▸ **Information supplied**:
########

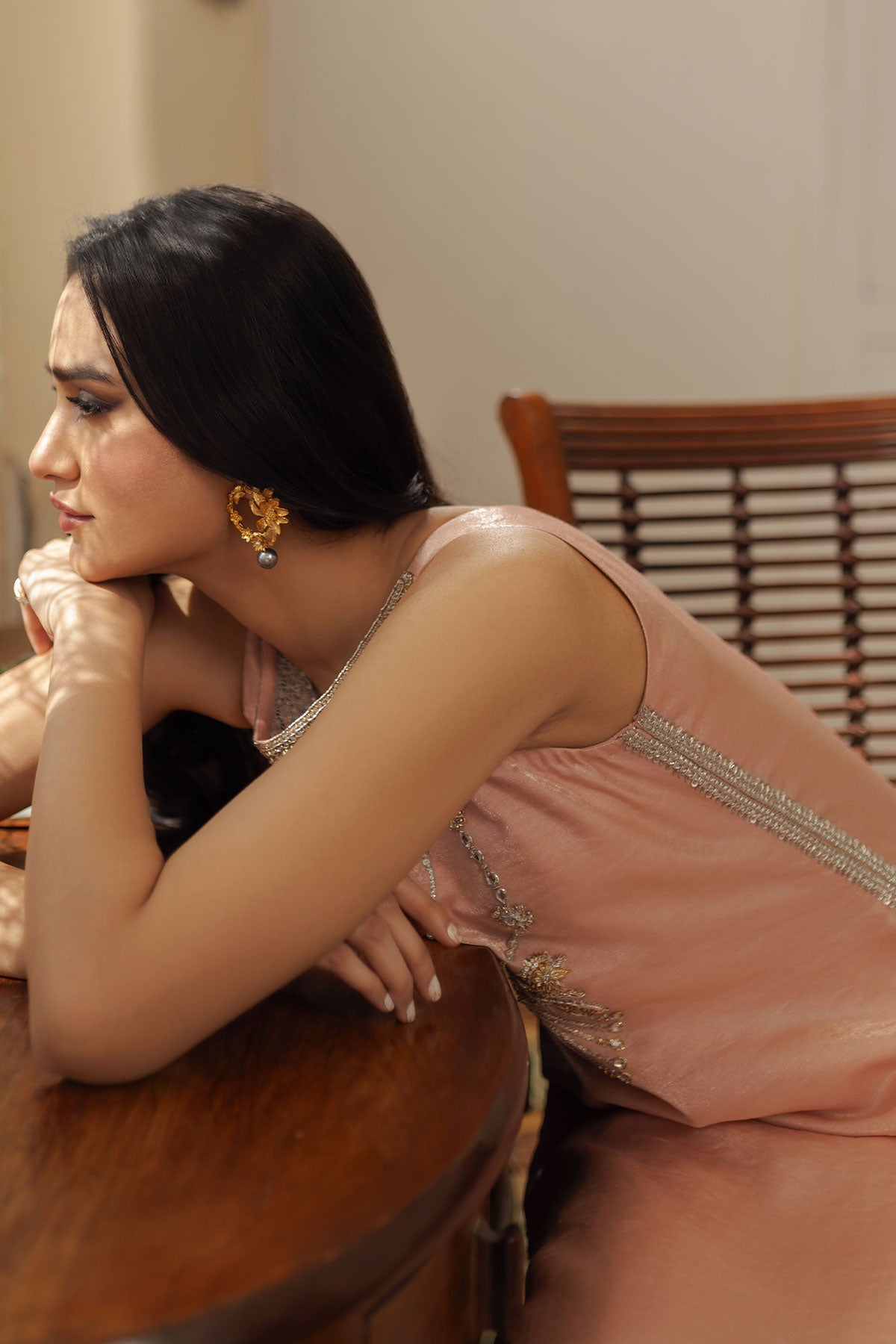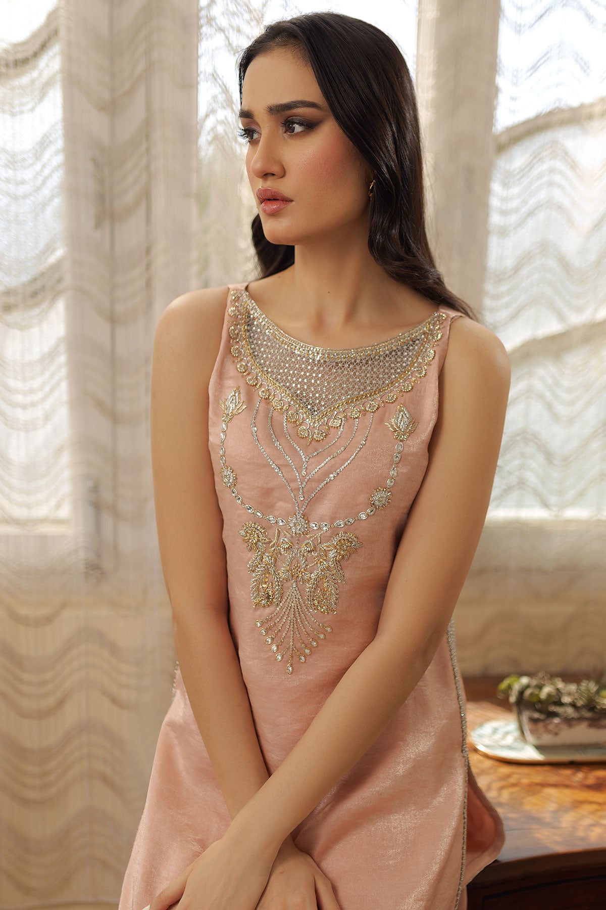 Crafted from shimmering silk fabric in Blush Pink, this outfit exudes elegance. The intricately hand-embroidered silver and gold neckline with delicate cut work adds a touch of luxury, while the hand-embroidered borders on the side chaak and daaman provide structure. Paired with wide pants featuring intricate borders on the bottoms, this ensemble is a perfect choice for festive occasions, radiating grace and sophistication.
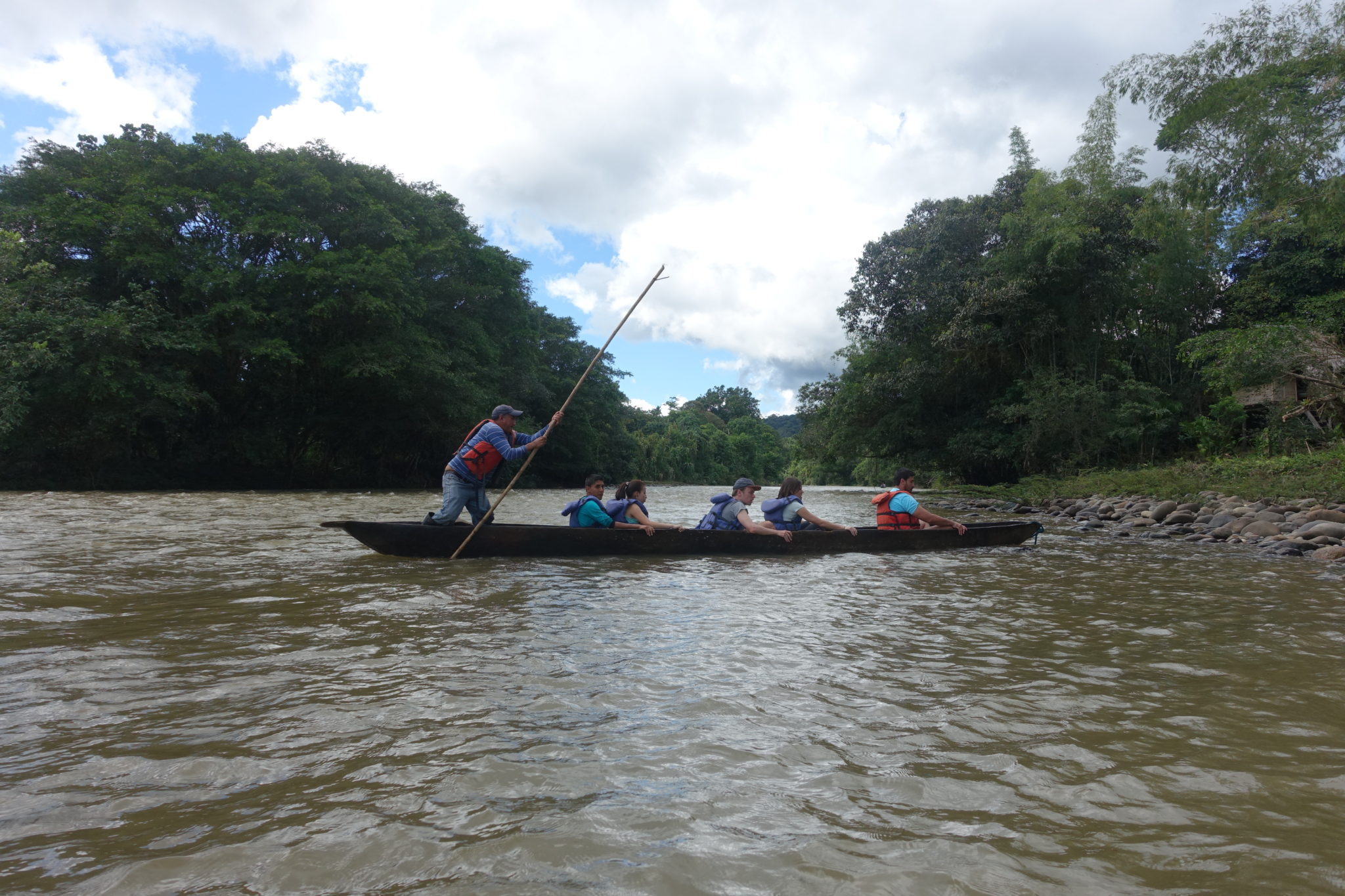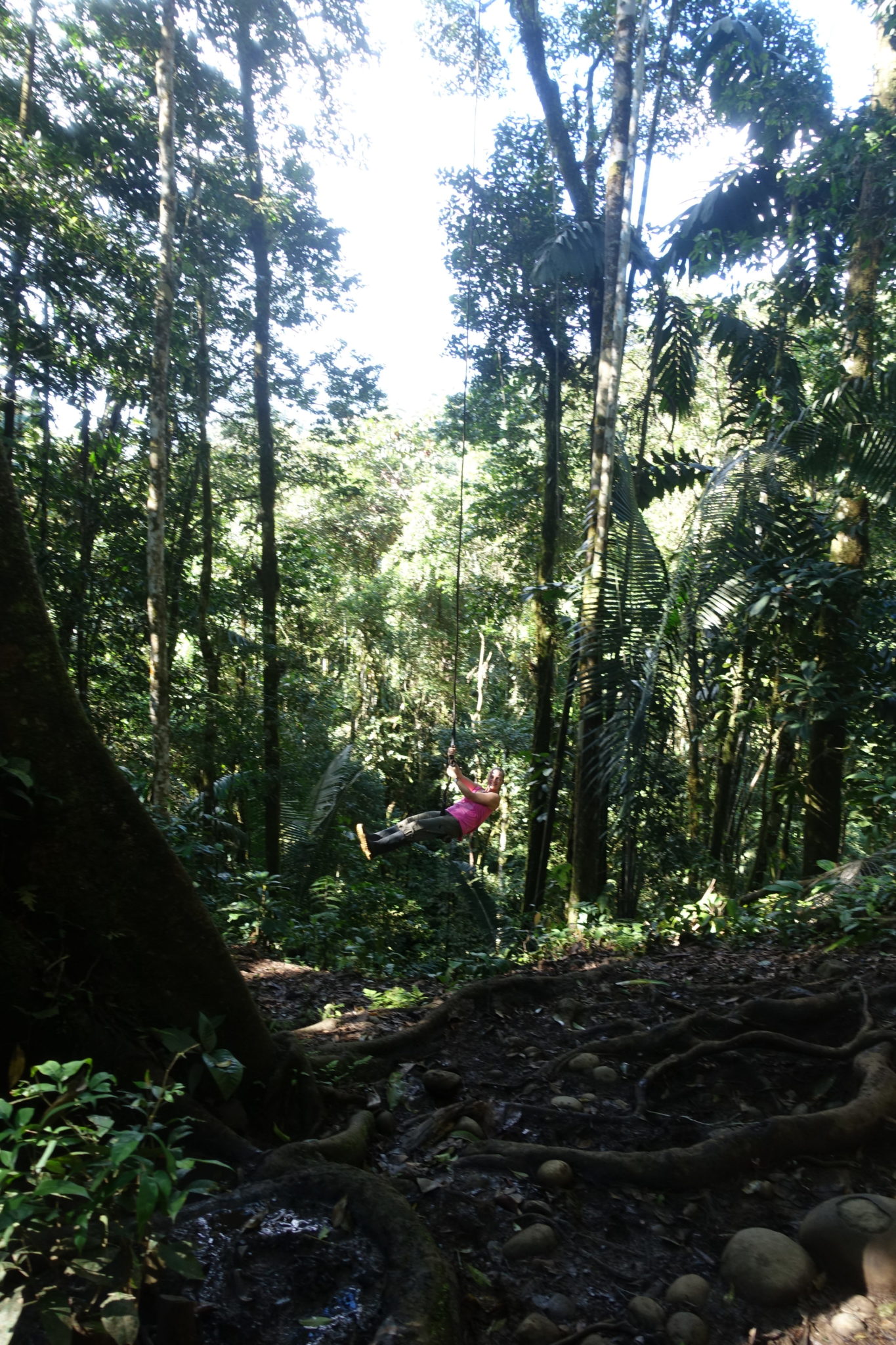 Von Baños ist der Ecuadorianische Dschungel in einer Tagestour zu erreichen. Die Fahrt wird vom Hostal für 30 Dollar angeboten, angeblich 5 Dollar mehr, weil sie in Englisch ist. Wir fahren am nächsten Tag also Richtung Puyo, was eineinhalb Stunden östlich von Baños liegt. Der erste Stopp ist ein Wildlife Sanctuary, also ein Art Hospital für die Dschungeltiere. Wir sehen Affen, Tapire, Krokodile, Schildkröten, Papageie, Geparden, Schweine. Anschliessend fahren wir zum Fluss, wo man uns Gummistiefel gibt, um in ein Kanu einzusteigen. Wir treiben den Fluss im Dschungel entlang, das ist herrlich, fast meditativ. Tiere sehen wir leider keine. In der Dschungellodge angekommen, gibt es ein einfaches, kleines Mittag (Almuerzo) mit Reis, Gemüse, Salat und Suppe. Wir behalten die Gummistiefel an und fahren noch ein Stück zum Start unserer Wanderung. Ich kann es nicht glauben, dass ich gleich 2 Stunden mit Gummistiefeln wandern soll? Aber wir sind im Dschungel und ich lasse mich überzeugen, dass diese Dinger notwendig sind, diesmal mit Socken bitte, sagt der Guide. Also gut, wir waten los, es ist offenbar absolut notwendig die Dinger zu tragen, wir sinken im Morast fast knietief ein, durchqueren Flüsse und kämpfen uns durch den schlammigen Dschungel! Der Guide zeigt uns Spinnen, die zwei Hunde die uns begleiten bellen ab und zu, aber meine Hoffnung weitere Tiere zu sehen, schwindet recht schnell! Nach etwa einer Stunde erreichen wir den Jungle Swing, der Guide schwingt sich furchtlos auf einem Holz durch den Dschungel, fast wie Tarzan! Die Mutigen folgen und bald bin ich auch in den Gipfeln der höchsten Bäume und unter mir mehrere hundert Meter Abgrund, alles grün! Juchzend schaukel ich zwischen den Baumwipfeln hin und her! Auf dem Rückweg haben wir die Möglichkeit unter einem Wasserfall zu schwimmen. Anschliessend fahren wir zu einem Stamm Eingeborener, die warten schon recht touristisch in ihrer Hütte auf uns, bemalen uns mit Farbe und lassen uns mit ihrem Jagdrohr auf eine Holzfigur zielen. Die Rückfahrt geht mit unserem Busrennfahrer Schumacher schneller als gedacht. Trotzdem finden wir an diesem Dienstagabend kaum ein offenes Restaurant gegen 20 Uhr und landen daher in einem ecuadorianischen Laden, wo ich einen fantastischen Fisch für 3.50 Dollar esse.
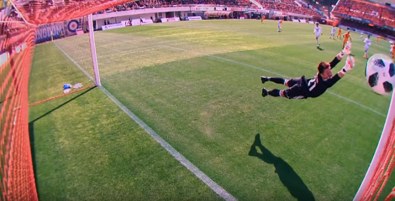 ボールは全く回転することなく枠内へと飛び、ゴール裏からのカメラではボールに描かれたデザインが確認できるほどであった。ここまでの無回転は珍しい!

########

▸ **Task item**: Repeat the data above exactly; images are not part of the copy.

▸ **Response to the task**:
 Crafted from shimmering silk fabric in Blush Pink, this outfit exudes elegance. The intricately hand-embroidered silver and gold neckline with delicate cut work adds a touch of luxury, while the hand-embroidered borders on the side chaak and daaman provide structure. Paired with wide pants featuring intricate borders on the bottoms, this ensemble is a perfect choice for festive occasions, radiating grace and sophistication.
 Von Baños ist der Ecuadorianische Dschungel in einer Tagestour zu erreichen. Die Fahrt wird vom Hostal für 30 Dollar angeboten, angeblich 5 Dollar mehr, weil sie in Englisch ist. Wir fahren am nächsten Tag also Richtung Puyo, was eineinhalb Stunden östlich von Baños liegt. Der erste Stopp ist ein Wildlife Sanctuary, also ein Art Hospital für die Dschungeltiere. Wir sehen Affen, Tapire, Krokodile, Schildkröten, Papageie, Geparden, Schweine. Anschliessend fahren wir zum Fluss, wo man uns Gummistiefel gibt, um in ein Kanu einzusteigen. Wir treiben den Fluss im Dschungel entlang, das ist herrlich, fast meditativ. Tiere sehen wir leider keine. In der Dschungellodge angekommen, gibt es ein einfaches, kleines Mittag (Almuerzo) mit Reis, Gemüse, Salat und Suppe. Wir behalten die Gummistiefel an und fahren noch ein Stück zum Start unserer Wanderung. Ich kann es nicht glauben, dass ich gleich 2 Stunden mit Gummistiefeln wandern soll? Aber wir sind im Dschungel und ich lasse mich überzeugen, dass diese Dinger notwendig sind, diesmal mit Socken bitte, sagt der Guide. Also gut, wir waten los, es ist offenbar absolut notwendig die Dinger zu tragen, wir sinken im Morast fast knietief ein, durchqueren Flüsse und kämpfen uns durch den schlammigen Dschungel! Der Guide zeigt uns Spinnen, die zwei Hunde die uns begleiten bellen ab und zu, aber meine Hoffnung weitere Tiere zu sehen, schwindet recht schnell! Nach etwa einer Stunde erreichen wir den Jungle Swing, der Guide schwingt sich furchtlos auf einem Holz durch den Dschungel, fast wie Tarzan! Die Mutigen folgen und bald bin ich auch in den Gipfeln der höchsten Bäume und unter mir mehrere hundert Meter Abgrund, alles grün! Juchzend schaukel ich zwischen den Baumwipfeln hin und her! Auf dem Rückweg haben wir die Möglichkeit unter einem Wasserfall zu schwimmen. Anschliessend fahren wir zu einem Stamm Eingeborener, die warten schon recht touristisch in ihrer Hütte auf uns, bemalen uns mit Farbe und lassen uns mit ihrem Jagdrohr auf eine Holzfigur zielen. Die Rückfahrt geht mit unserem Busrennfahrer Schumacher schneller als gedacht. Trotzdem finden wir an diesem Dienstagabend kaum ein offenes Restaurant gegen 20 Uhr und landen daher in einem ecuadorianischen Laden, wo ich einen fantastischen Fisch für 3.50 Dollar esse.
 ボールは全く回転することなく枠内へと飛び、ゴール裏からのカメラではボールに描かれたデザインが確認できるほどであった。ここまでの無回転は珍しい!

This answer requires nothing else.